Marita Dingus at UPS






Marita Dingus is one of Seattle's most unique and well-known artists, renowned for works made from scrap materials such as bent wire and often depicting and commenting on the African American experience. For years she made art about the institution of slavery including a monumental, room-size figure of a slave and a wall hanging of the galley of a slave ship. Local art lovers should recall her work at Museum of Glass and Francine Seders Gallery in Seattle, and a previous show at Kittredge Gallery, University of Puget Sound.

The show is called "They Still Hold Us," which refers to "the persistence of invisible forces that contain and restrict" people of color from prospering. Dingus says the fences and shackles in this exhibition refer to such things as prisons and biased law enforcement, which disproportionately affect people of color.

It is a dark, ominous, and yet wondrous exhibition.

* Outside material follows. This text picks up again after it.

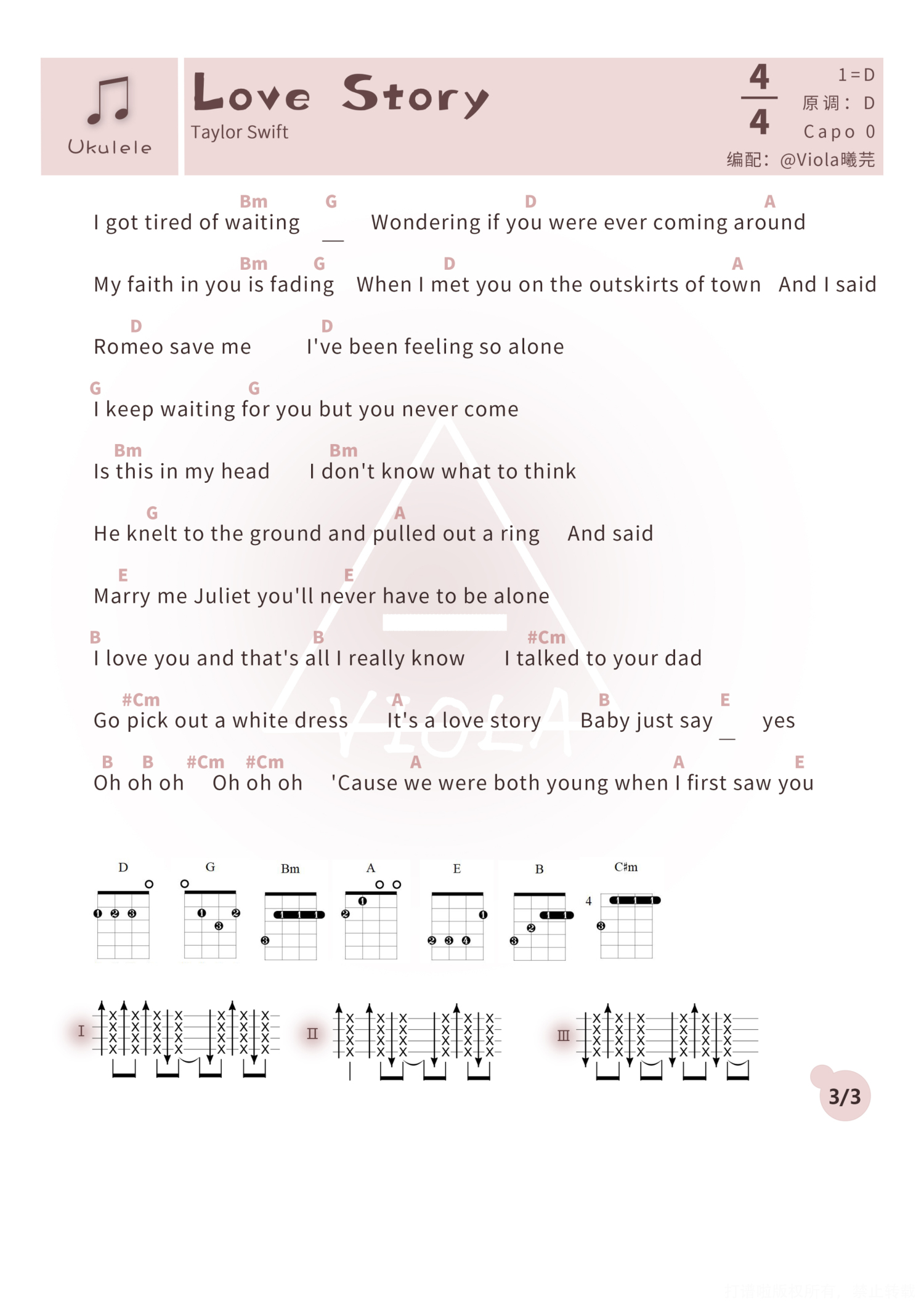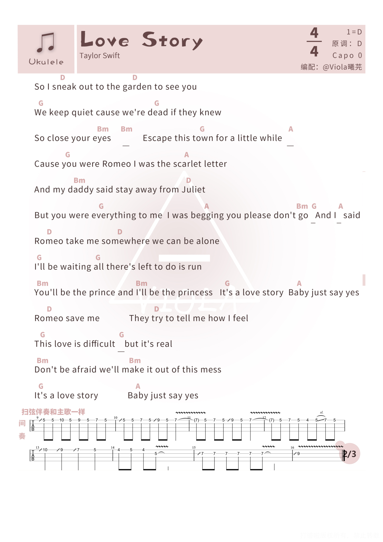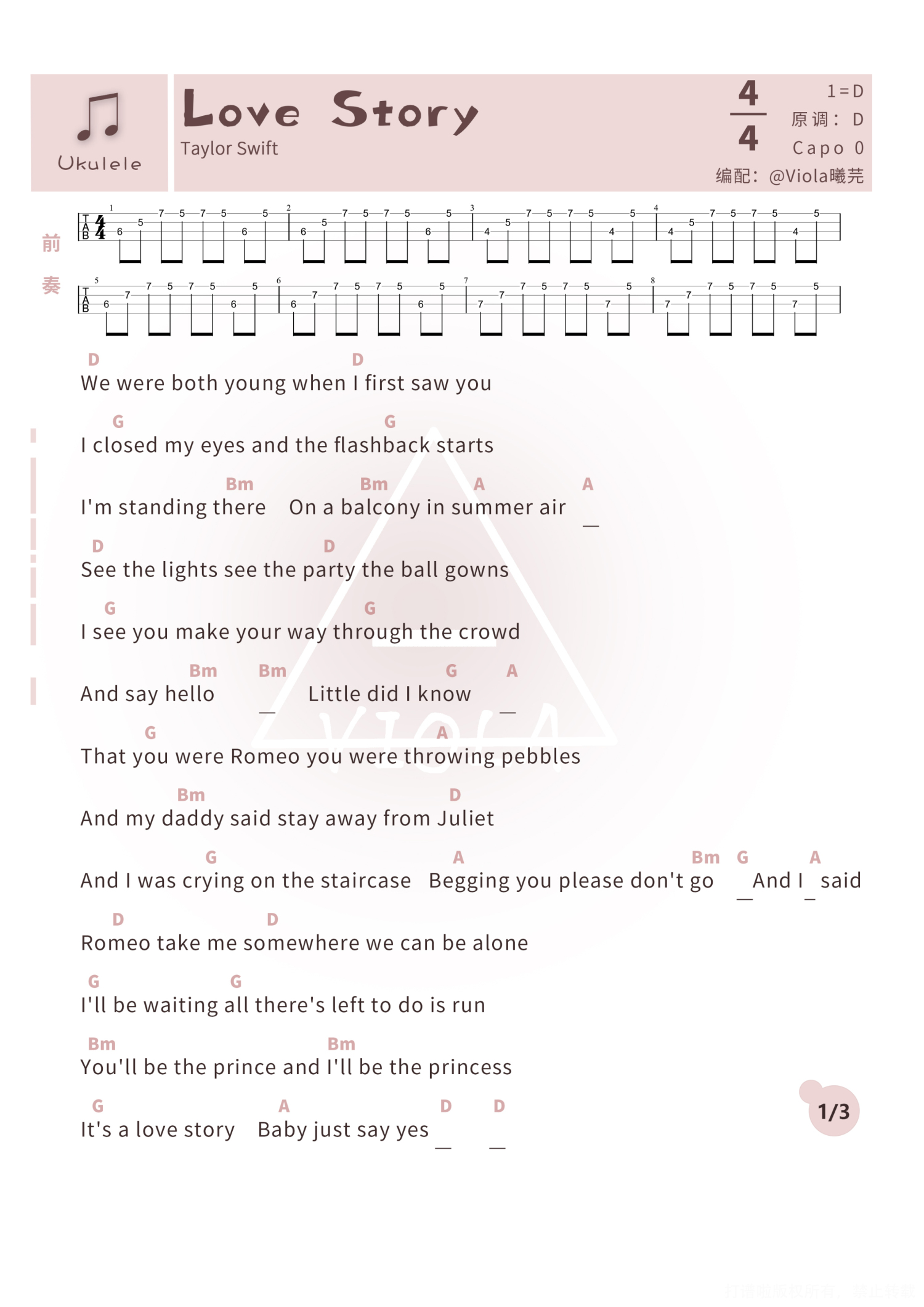 曲谱介绍: 刚录完"回忆杀"一波后,霉霉第二天就出了新歌Me! 这波不亏,先继续来一波回忆杀 话说新歌的MV看了吗!超级炫酷,彩蛋多多! 特别是蝴蝶的元素,是否对应着1专的蝴蝶呢? 这首Love Story是把原本悲剧的罗密欧与朱丽叶的故事,加入了霉霉自己的美好向往,也就是最后一段,罗密欧说服了朱丽叶的老豆,顺利向朱丽叶求婚!其实写的也就是霉霉以前和一个不被她老豆看好的男生在一起时候的故事。 相信灰常多的霉粉都是听这首歌入坑的吧,不知道新专是不是霉霉也要来一波回忆杀?!回归一下old霉?

Along the front wall is a group of wall hangings with titles such as "Fence" and "Fence With Flowers," made of wire and cloth and a variety of discarded materials in repetitive forms with "fences" made of black cloth and things stuck to the fences, such as flowers and leaves in greens and earth tones and in some cases dark red leaves. You might think of leaves and flowers as light and joyful, but these are dark and heavy, wind-blown and jammed uncomfortably into the fences. The metaphor is not obvious, but once realized causes the heart to skip a beat.

On the end wall next to these is a group of three heavy black draped cloths with red teardrops or drops of blood called "As If It Had Rained Blood." And in front of this piece is an installation of groups of chain links or cufflinks of connected cloth and wire that hang from the ceiling, extending the imprisonment metaphor. It is called "Shackles." Aesthetically these two groups work together as a single installation.
On the back wall are more fence pieces and a group of skeletons. Instead of leaves and flowers, black hands are stuck to these fences. One of the skeletons is made of delicately twisted-together white wire that is barely visible against the white wall. One of the more emphatic pieces is a black rag doll with an exterior skeleton of white wire.

Also included are two almost traditional quilts made of old cloth with pieces in an open weave pattern. There is an ancient look to these as if rotted away over time - perhaps remnants of quilts found in a slave shack from the mid-19th century. The open weave also resonates with the fences.

The Marita Dingus show is being held in conjunction with the 2014 Race & Pedagogy National Conference to be held Sept. 25-27. In the back gallery there is an exhibition of blown and engraved glass by Sarah Gilbert.